# How is this "seeing" to be understood?



## JennyG (Mar 16, 2010)

- since we are told no-one can see God, and live. Did they see Christ?

Exodus 24 v 9-11
Then went up Moses, and Aaron, Nadab, and Abihu, and seventy of the elders of Israel; 
And they saw the God of Israel: and there was under his feet as it were a paved work of a sapphire stone, and as it were the body of heaven in his clearness.
And upon the nobles of Israel he laid not his hand: also they saw God, and did eat and drink......


----------



## Contra_Mundum (Mar 16, 2010)

A Christophany seems most reasonable explanation.

Compare with Ezekiel's and John's visions, and other sights.

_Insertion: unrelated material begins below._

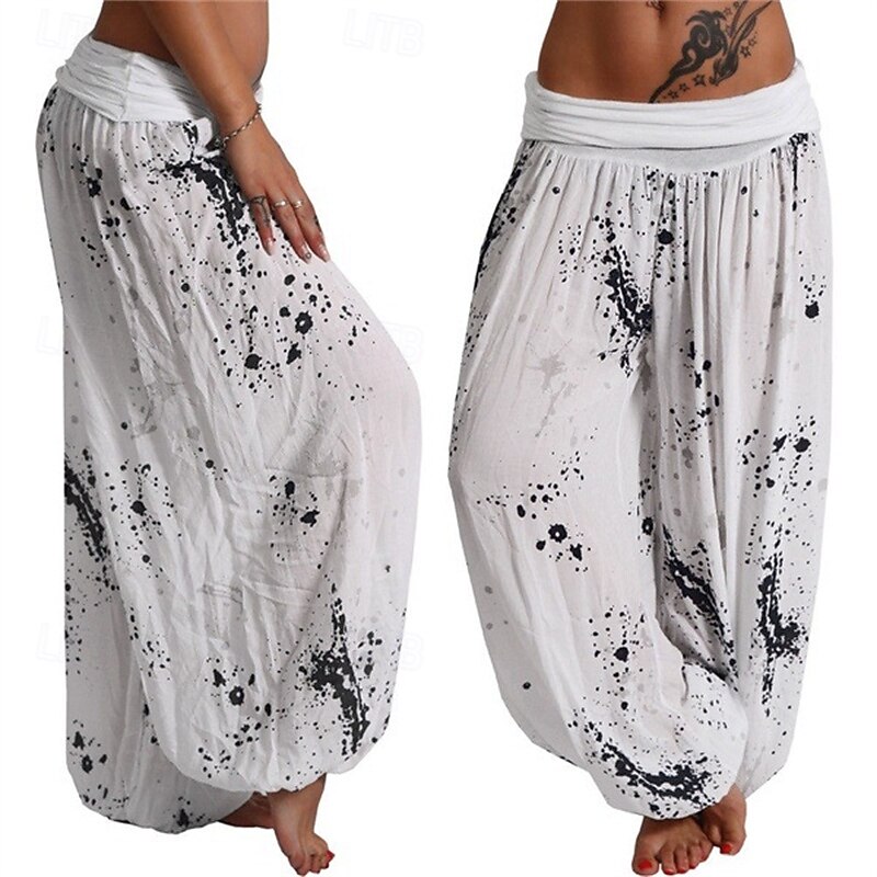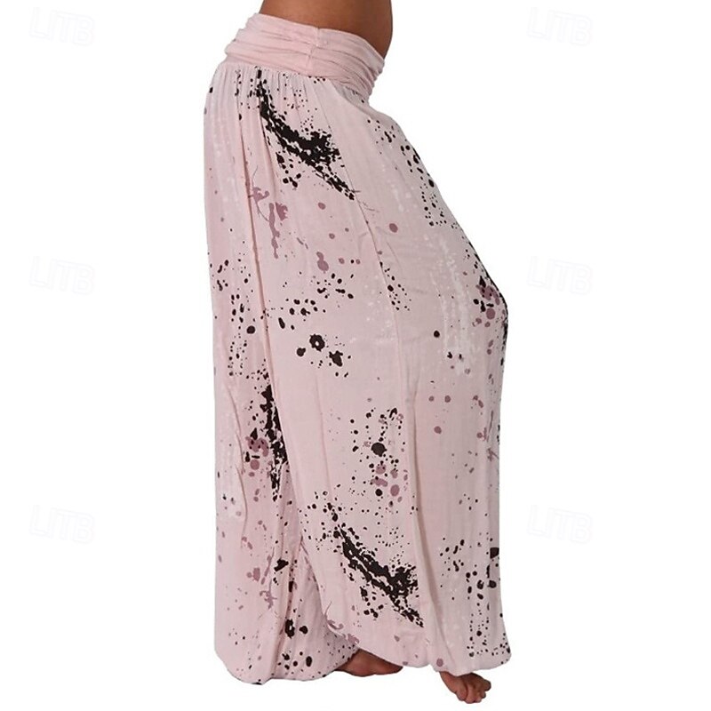 More information about Women's Pants Trousers Palazzo Pants Fashion Boho Full Length Mid Waist Print Elastic Waist Comfy Comfortable Micro-elastic Street Daily Wear Going out White Yellow Pink Army Green Summer Regular Fit

I do not believe there is any other satisfactory explanation, when "No one has seen God at any time" (1Jn.4:!2), and plainly people have seen some manifestation: "We shall surely die, for we have seen God" (Jdg.6:22), or Gen.32:30, "And Jacob called the name of the place Peniel: for I have seen God face to face, and my life is preserved."

When the Lord is manifested, it is not according to his pure divine essence, but according to some accommodated revelation (whether angelic, bodily, as a dove, or in a burning bush, etc.). And that manifestation has always been in the Second Person.


----------



## JennyG (Mar 16, 2010)

Thank you, I thought that must be the answer.

ps thank you also to whoever corrected the spelling mistake in the title. I tried to edit it, but for some reason couldn't!


----------